Sens. Reed, Brown, Smith, Wyden & Merkley reintroduced the Preserving Homes & Communities Act, a bill intended to mitigate losses by homeowners whose mortgages are included in government-sponsored note sales. These sales see nonperforming mortgages (meaning a borrower hasn’t made any payments in a certain period of time) sold at a discount to buyers, often institutional investors and private equity firms.
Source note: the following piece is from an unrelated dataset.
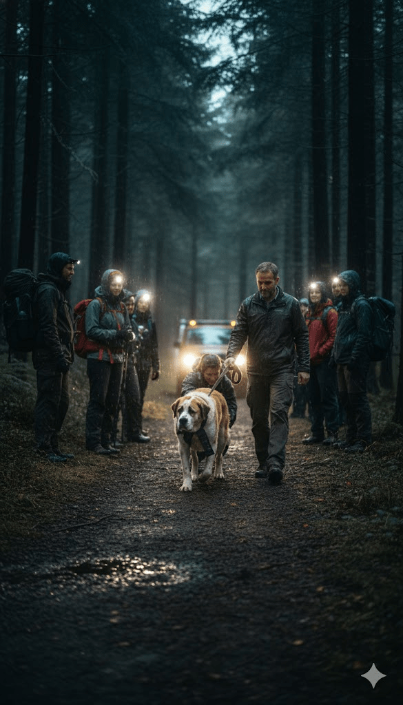 Stewart finally took a tentative sip of water, his large tongue lapping at the bowl as if it were the most precious elixir. This small act was a monumental breakthrough. With the immediate threat of dehydration averted, the next challenge was to get him out of the woods. Stewart, despite his size, was surprisingly agile when he needed to be, bolting deeper into the undergrowth whenever the rescuers moved too quickly. It was almost dark when a stroke of luck occurred. A group of hikers, lost and disoriented, stumbled upon the scene, their presence inadvertently distracting Stewart enough for Ben to finally slip a lead around his neck. It wasn’t the ideal rescue, but it was a rescue nonetheless. They carefully led the colossal dog through the dense forest, the hikers helping to clear the path, until they reached the waiting rescue vehicle.
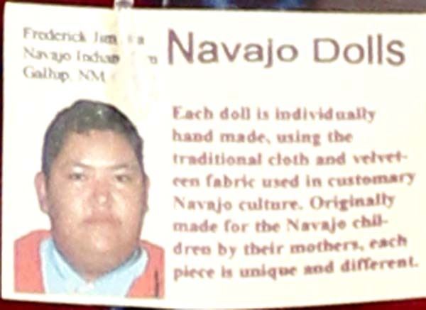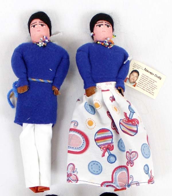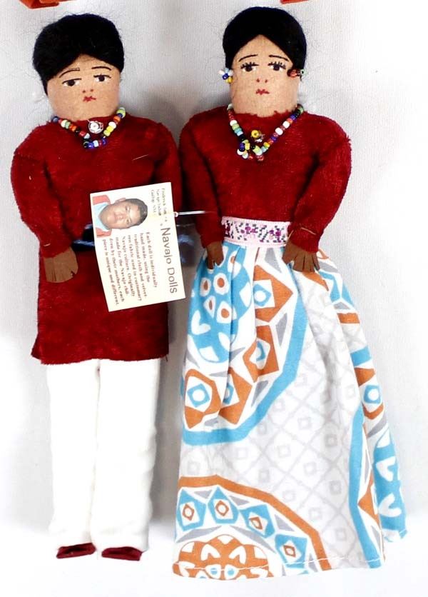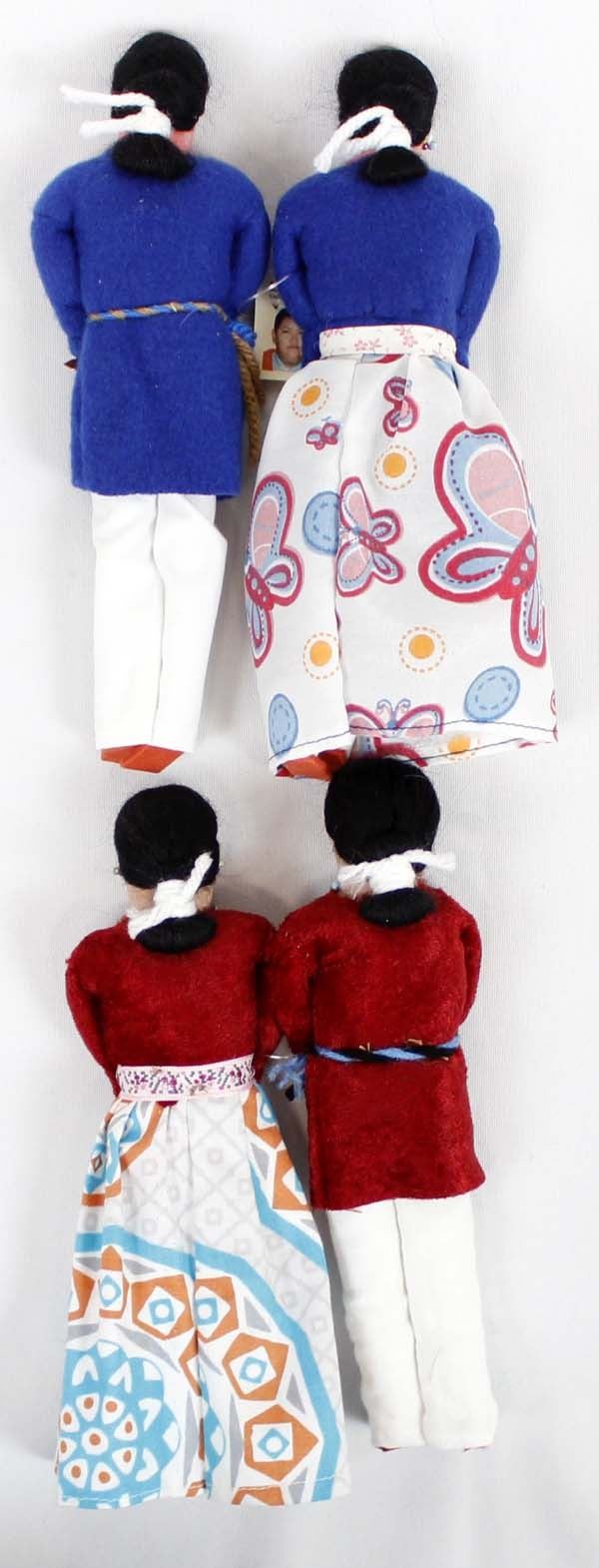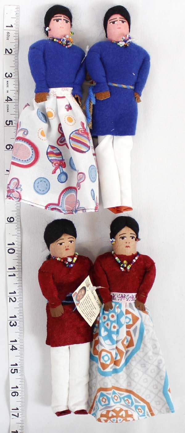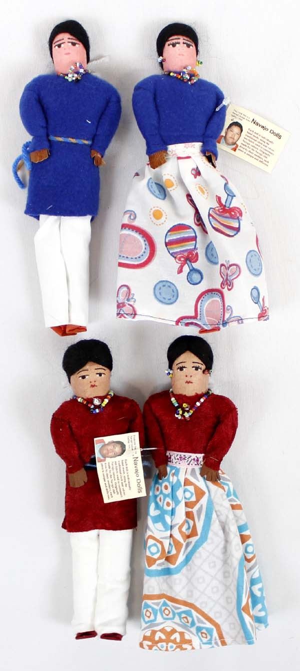 4 Native American Navajo Hand Made Cloth Dolls by Frederick Jim from Gallup, New Mexico. Each doll is individually hand made, using the traditional cloth and velveteen fabric used in customary Navajo culture. Originally made for the Navajo children by their mothers, each piece is unique and different. They measure 8.75"L and are wearing beaded jewelry.

The senators’ bill would provide borrowers at least 90 days notice before their loan is swept into a sale, would require all “loss mitigation options” to be exhausted, and would require purchasers of these nonperforming loans to offer at least 75% of the foreclosed properties to owner-occupants at fair market value, to nonprofits or local governments, or to renters with income at or below the area median income.
Who Owns What?
When a Wall Street landlord comes to the block, they may purchase several homes in a neighborhood in all-cash transactions, beating out any actual homebuyer. Often, they’ll use a cryptic LLC name to obscure the true ownership. These institutional investors aren’t the only ones who use this tactic: The Financial Crimes Enforcement Network (FinCEN) suggests that some bad actors use these shell companies to launder money through their property purchases. Treasury proposed a rule last week which would require title insurance companies to identify the owners of the LLCs involved in all-cash property transactions in certain areas of the country, such as Manhattan or Miami. The ownership details, though useful, will not be available to the general public.
CLIMATE and FINANCE
Asset Managers and Climate.
BlackRock, JPMorgan Asset Management and State Street Global Advisors joined the Climate Action 100+ group, a coalition of investors designed to urge polluting companies to reduce their carbon footprint. Now, JPMorgan and State Street have announced they’d be exiting the group. BlackRock will scale back. FT reports that the “reduced participation means none of the top five money managers fully back” the organization.
BlackRock Voting.
The world’s dominant asset manager BlackRock plans to allow retail investors to vote on corporate and shareholder proposals. Individual investors would be able to access the firm’s Voting Choice program, effectively folding in about $2trn more assets under management, where previously only institutional investors representing an aggregate $598bn in assets could use it. It’s a break from the norm, whereby retail investors would otherwise have to leave the voting to BlackRock. The firm has “touted its Voting Choice program in the face of Republicans' anti-ESG rhetoric,” Politico reports.
The Uninsurables.
A man-made climate crisis has intensified natural disasters, resulting in a record number of billion-dollar insured losses last year. Insurance companies have reacted by sending premiums through the roof – that is, if they don’t pull out of a particularly endangered region altogether. It’s effectively a “carbon price” on consumers. One major factor in the price hikes: property catastrophe reinsurance (that’s insurance for insurance companies, in the event they can’t cover the total cost of disaster policy payouts).
POLITICS and MONEY
Crypto Pushback.
Fairshake, one of a trio of prominent crypto super-PACs operating on the Hill, has set its sights on Democratic Rep. Katie Porter, running for Senate in California. It recently spent at least $2.9mn on an ad push attacking Porter. The representative retorted in an email: “Crypto billionaires don’t want a strong voice for consumers in the Senate, because they fear anyone who calls out corruption and greed.”